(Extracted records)
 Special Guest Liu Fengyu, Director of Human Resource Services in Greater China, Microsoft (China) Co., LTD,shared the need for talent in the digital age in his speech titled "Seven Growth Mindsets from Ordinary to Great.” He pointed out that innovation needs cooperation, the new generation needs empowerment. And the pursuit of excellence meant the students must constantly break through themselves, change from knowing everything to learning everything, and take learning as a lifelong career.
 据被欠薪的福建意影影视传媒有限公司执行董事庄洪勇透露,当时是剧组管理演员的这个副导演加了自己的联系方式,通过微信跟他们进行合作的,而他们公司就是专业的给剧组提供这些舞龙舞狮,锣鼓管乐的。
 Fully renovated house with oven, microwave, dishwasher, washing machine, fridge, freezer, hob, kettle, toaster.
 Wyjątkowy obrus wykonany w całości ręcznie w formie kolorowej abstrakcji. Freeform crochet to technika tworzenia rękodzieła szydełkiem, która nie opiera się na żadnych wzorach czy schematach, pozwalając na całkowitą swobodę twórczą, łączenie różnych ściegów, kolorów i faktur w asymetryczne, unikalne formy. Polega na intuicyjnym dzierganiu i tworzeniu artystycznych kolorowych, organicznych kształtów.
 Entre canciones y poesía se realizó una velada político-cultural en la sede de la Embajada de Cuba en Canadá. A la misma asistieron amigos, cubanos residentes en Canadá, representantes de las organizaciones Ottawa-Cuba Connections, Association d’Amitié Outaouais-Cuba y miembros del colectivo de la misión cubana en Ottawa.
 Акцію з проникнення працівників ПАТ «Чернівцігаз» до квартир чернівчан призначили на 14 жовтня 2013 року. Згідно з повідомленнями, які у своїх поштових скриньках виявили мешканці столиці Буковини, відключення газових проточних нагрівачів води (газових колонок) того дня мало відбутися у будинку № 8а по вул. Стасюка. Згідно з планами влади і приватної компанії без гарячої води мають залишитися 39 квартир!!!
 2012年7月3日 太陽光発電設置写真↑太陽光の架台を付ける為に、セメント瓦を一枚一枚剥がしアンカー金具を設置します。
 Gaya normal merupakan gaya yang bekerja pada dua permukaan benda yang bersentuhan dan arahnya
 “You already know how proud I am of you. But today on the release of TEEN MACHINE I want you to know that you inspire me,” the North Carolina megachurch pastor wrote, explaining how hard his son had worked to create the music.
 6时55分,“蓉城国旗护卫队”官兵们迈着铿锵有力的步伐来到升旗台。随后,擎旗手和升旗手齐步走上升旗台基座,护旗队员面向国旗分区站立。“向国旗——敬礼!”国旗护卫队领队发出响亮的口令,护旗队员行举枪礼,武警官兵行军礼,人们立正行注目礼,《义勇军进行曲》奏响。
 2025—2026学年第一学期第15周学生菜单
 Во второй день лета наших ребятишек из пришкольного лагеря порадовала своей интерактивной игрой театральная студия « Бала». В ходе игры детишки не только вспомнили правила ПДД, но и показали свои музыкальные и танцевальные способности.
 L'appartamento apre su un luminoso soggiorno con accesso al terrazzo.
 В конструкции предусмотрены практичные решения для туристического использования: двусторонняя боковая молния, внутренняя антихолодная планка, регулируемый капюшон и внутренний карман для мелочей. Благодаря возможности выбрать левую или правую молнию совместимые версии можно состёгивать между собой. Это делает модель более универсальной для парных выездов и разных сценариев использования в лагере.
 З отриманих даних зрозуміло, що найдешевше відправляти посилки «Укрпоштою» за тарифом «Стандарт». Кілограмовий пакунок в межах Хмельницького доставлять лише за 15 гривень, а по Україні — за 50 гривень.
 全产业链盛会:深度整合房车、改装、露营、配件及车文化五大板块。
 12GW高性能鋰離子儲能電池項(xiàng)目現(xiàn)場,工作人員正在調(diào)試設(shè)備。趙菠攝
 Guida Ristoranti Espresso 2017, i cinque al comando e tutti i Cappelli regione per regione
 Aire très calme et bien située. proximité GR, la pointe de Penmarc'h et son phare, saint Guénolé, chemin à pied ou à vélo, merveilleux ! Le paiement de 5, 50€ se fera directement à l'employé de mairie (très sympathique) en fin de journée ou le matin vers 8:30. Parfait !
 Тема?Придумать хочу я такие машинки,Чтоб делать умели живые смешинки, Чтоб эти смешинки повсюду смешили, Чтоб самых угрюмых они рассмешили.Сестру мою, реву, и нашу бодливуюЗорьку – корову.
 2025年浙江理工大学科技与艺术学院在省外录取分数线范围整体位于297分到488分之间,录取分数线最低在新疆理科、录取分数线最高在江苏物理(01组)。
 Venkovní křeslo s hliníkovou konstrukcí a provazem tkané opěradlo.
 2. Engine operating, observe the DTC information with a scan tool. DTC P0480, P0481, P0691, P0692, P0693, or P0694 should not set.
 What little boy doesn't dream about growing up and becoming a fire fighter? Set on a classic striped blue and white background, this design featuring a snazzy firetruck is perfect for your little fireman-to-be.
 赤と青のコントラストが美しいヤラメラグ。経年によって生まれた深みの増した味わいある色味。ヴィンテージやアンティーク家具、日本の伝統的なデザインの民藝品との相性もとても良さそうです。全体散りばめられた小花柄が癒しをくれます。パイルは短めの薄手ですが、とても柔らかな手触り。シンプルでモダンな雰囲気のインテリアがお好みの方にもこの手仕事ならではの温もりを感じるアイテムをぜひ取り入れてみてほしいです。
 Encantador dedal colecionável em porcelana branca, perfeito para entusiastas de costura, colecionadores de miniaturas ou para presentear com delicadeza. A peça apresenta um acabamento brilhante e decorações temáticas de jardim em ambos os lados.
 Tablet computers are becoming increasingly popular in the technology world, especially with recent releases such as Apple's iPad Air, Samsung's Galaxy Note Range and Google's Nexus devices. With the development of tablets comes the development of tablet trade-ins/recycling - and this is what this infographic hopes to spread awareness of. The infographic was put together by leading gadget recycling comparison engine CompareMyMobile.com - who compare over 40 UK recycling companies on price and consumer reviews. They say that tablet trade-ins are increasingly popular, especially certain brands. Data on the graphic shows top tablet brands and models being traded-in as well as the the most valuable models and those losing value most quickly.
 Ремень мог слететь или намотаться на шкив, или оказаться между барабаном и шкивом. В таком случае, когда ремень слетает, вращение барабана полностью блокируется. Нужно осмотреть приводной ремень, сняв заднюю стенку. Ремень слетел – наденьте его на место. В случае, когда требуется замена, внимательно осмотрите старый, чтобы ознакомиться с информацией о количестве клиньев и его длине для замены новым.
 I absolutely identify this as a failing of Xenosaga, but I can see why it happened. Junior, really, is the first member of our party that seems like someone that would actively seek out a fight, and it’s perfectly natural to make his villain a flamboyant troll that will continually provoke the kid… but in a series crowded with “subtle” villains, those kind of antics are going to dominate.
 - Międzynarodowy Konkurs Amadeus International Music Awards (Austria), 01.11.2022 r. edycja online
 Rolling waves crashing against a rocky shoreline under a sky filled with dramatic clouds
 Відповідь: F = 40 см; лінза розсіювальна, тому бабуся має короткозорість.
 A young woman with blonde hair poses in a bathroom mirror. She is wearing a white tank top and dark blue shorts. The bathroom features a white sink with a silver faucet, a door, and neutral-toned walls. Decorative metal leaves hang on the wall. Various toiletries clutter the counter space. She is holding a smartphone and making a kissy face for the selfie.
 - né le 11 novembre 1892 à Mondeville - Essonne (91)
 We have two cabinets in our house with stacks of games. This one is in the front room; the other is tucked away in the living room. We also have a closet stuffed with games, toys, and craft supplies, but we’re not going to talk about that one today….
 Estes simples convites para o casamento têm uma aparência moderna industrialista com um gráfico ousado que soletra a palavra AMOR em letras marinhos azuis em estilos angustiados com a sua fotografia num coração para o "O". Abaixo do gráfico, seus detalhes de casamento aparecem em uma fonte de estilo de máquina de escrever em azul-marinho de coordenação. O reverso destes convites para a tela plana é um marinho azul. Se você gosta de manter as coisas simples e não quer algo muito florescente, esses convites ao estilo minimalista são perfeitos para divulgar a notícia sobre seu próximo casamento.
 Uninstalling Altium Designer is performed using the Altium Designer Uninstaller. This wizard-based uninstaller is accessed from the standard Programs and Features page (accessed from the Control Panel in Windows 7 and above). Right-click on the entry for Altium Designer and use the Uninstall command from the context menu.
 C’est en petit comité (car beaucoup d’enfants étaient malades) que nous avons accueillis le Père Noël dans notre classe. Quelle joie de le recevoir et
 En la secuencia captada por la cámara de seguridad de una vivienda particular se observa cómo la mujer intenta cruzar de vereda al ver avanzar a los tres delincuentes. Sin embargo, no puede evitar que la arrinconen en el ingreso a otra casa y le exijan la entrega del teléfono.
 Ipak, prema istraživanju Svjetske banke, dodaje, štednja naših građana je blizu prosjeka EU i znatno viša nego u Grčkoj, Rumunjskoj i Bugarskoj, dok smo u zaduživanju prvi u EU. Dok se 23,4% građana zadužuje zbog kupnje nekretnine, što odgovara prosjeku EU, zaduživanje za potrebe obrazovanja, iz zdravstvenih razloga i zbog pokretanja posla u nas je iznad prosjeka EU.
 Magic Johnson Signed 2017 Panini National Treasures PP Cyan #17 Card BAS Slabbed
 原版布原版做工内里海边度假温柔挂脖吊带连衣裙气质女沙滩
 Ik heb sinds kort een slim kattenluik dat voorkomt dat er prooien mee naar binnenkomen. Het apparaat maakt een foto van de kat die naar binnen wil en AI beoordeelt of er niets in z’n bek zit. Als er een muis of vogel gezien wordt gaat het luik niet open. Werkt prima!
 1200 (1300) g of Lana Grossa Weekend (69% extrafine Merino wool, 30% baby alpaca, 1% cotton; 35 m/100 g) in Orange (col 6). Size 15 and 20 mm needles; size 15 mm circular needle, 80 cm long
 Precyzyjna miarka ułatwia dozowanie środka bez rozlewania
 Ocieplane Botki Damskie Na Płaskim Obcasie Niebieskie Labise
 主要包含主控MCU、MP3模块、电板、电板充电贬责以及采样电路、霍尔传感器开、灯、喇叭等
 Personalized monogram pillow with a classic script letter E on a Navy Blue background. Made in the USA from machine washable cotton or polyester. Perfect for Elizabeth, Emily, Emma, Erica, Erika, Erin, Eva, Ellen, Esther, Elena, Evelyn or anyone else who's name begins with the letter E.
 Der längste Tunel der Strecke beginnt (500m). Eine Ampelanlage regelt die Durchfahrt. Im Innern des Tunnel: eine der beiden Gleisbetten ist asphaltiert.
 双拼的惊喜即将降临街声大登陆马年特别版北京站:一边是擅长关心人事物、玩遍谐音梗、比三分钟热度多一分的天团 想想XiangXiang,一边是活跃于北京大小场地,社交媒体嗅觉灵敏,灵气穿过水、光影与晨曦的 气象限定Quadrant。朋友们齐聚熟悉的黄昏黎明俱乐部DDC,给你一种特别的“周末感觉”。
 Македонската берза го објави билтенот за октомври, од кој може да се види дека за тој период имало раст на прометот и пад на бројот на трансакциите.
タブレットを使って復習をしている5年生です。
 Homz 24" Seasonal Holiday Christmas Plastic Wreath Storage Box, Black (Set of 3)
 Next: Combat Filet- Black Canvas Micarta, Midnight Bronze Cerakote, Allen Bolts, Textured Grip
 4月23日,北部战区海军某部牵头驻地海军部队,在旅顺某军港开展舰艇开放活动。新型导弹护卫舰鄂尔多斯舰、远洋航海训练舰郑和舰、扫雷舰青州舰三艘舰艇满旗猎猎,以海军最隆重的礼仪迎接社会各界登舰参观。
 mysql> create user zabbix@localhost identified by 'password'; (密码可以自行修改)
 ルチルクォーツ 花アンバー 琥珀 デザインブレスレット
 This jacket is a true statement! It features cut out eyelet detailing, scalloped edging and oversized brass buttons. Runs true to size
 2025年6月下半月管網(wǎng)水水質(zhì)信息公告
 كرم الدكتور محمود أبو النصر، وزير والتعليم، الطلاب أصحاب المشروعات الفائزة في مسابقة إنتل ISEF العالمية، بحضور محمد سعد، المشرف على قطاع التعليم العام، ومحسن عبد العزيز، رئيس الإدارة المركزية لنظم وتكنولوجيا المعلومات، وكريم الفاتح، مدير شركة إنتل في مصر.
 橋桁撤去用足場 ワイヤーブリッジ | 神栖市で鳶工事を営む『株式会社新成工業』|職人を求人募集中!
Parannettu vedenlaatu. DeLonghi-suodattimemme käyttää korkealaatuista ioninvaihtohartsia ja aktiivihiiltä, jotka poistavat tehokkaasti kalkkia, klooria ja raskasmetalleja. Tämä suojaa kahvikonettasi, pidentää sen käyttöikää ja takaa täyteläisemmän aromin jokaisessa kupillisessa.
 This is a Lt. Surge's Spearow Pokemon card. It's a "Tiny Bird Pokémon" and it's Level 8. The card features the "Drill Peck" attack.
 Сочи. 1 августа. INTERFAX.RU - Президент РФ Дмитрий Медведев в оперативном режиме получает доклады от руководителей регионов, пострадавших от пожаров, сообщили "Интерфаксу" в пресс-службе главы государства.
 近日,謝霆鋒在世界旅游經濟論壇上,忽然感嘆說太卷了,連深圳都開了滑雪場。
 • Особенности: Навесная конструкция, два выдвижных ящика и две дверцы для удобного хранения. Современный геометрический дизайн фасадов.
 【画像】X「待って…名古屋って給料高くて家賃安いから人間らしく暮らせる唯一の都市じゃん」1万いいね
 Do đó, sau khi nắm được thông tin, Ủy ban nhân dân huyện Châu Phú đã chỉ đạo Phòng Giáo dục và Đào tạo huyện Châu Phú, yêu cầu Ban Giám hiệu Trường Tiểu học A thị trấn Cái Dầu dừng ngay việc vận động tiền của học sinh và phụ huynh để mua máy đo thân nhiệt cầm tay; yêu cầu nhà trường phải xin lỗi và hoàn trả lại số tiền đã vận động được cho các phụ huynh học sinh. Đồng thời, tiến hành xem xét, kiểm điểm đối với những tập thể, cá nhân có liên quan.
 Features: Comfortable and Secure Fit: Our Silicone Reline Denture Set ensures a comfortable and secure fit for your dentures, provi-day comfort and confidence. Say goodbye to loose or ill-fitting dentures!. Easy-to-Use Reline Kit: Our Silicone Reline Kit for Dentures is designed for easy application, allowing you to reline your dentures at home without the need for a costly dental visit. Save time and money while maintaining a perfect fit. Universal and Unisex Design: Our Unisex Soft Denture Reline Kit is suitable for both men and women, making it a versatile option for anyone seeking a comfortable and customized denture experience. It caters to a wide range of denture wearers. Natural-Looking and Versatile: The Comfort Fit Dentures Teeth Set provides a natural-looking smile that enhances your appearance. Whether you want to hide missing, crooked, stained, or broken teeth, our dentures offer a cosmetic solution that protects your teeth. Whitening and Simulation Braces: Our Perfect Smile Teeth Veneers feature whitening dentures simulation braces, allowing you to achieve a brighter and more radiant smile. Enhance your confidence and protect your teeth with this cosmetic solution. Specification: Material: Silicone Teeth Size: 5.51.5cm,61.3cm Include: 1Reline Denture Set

** EXERCISE REQUIREMENTS **
Set down, from the entries above, exactly the lines from the one with "Black (Set of 3)" up to and including the one with "كرم الدكتور محمود", and no other lines.

** WRITTEN SOLUTION **
 Homz 24" Seasonal Holiday Christmas Plastic Wreath Storage Box, Black (Set of 3)
 Next: Combat Filet- Black Canvas Micarta, Midnight Bronze Cerakote, Allen Bolts, Textured Grip
 4月23日,北部战区海军某部牵头驻地海军部队,在旅顺某军港开展舰艇开放活动。新型导弹护卫舰鄂尔多斯舰、远洋航海训练舰郑和舰、扫雷舰青州舰三艘舰艇满旗猎猎,以海军最隆重的礼仪迎接社会各界登舰参观。
 mysql> create user zabbix@localhost identified by 'password'; (密码可以自行修改)
 ルチルクォーツ 花アンバー 琥珀 デザインブレスレット
 This jacket is a true statement! It features cut out eyelet detailing, scalloped edging and oversized brass buttons. Runs true to size
 2025年6月下半月管網(wǎng)水水質(zhì)信息公告
 كرم الدكتور محمود أبو النصر، وزير والتعليم، الطلاب أصحاب المشروعات الفائزة في مسابقة إنتل ISEF العالمية، بحضور محمد سعد، المشرف على قطاع التعليم العام، ومحسن عبد العزيز، رئيس الإدارة المركزية لنظم وتكنولوجيا المعلومات، وكريم الفاتح، مدير شركة إنتل في مصر.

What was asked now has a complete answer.